▶ _Extracted material_
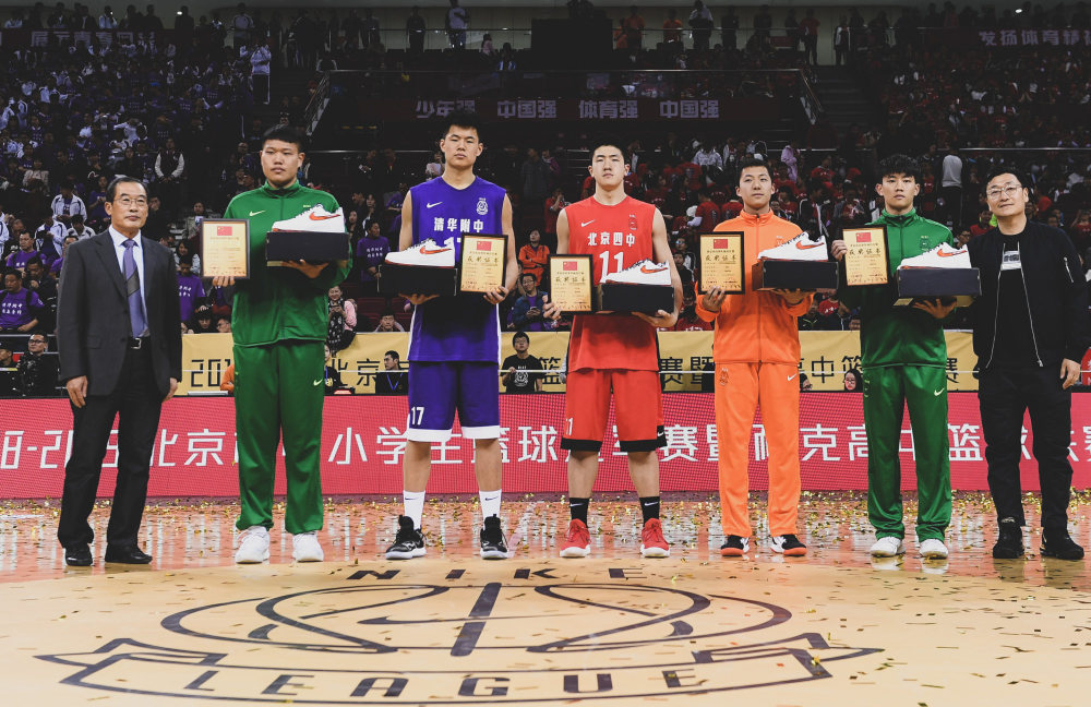赛后进行了颁奖仪式,入选赛区最佳阵容的后场球员是首师附中的毛江龙和杨镇一中的李闻龙,锋线球员是北京四中的李子豪和清华附中的褚添一,中锋球员是密云二中的翟辰,这几名球员在本届耐高整体表现最为出色,也是各自球队的核心球员或重要得分点。
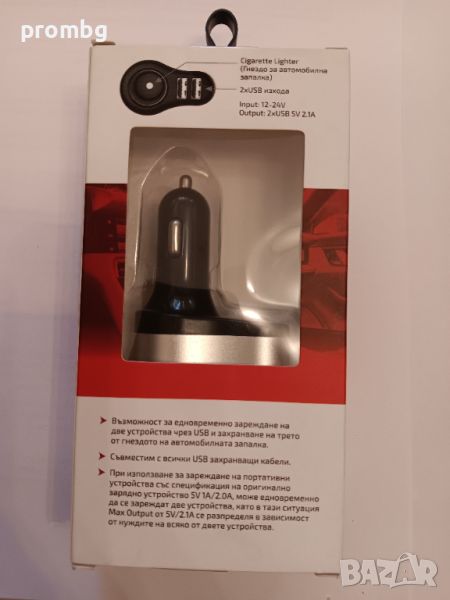 зарядно за автомобил с 2xUSB, 12-24V, 1x гнездо за запалка. Дава възможност за едновременно зареждане на две устройства чрез USB и захранване на трето от гнездото на автомобилната запалка. Съвместима е с всички USB захранващи кабели. Технически данни: 5V, 2,1A
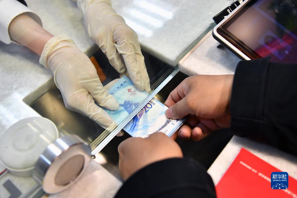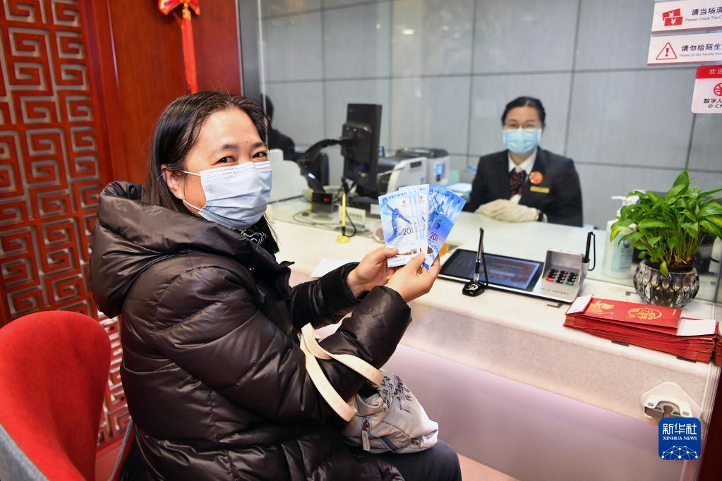 12月21日,市民在中國工商銀行北京西客站支行兌換第24屆冬季奧林匹克運動會紀念鈔。
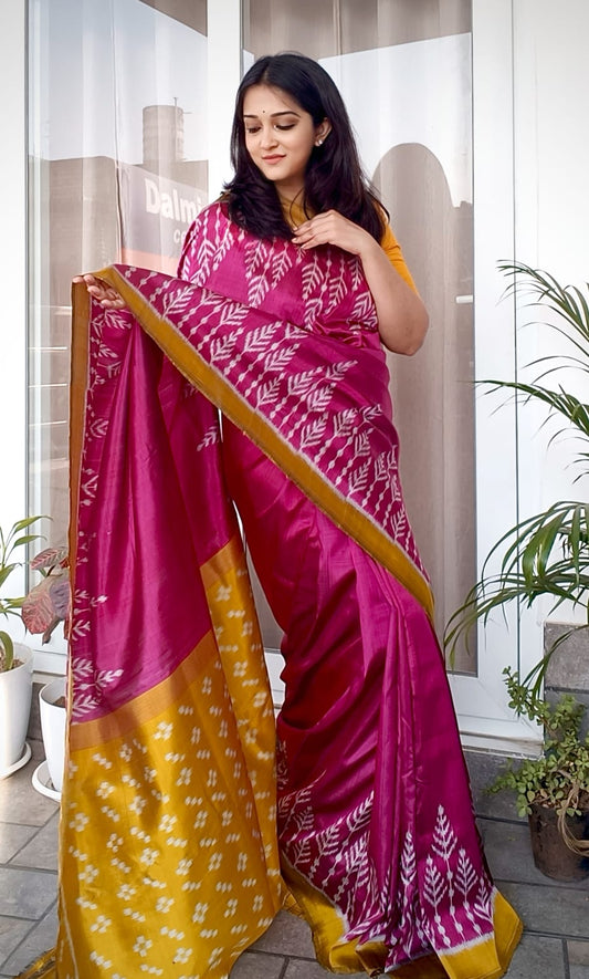 Rani Pink Body With Yellow Body Tree Design Khandua Silk Saree
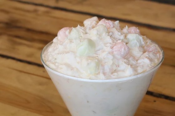 Shredded coconut, pineapple, colorful mini marshmallows, creamy vanilla pudding, and fluffy whipped topping are folded together to create this delicious tropical-inspired dessert.
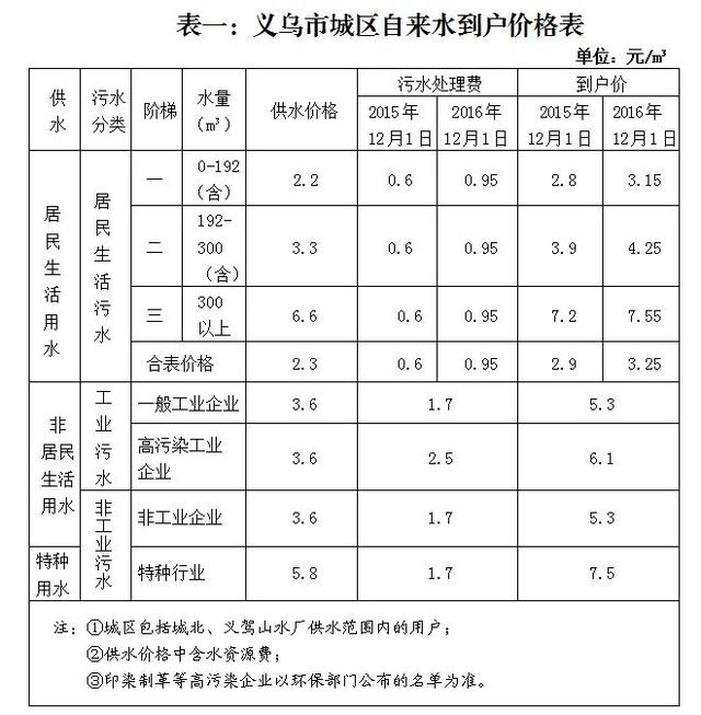 答:义乌市城区居民用水收费标准根据义发改〔2015〕71号文件的要求执行,实行居民生活用水分阶梯价格与合表价格。具体价格表如下:
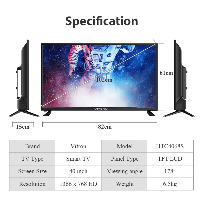 If you are looking for an all-in one TV that saves power at the same time, then VITRON 40 inch Smart android tv is your BEST choice. It has High Definition (HD) video resolution and WiFi-enabled making it amazing for movie lovers who prefer streaming through popular Apps like YouTube and Netflix. Running on android9.0, our Smart Module allows you to enjoy a customized browser and enjoy Optimized Connectivity with 2 USB ports and 3 HDMI ports. Comes with a Free Wall Mounting Bracket

▶ _What is needed_
Here the requirement is to restate exactly the line holding "答:义乌市城区居民用水收费标" and every later line through the end of the material, omitting pictures.

▶ _Result of the exercise_
 答:义乌市城区居民用水收费标准根据义发改〔2015〕71号文件的要求执行,实行居民生活用水分阶梯价格与合表价格。具体价格表如下:
 If you are looking for an all-in one TV that saves power at the same time, then VITRON 40 inch Smart android tv is your BEST choice. It has High Definition (HD) video resolution and WiFi-enabled making it amazing for movie lovers who prefer streaming through popular Apps like YouTube and Netflix. Running on android9.0, our Smart Module allows you to enjoy a customized browser and enjoy Optimized Connectivity with 2 USB ports and 3 HDMI ports. Comes with a Free Wall Mounting Bracket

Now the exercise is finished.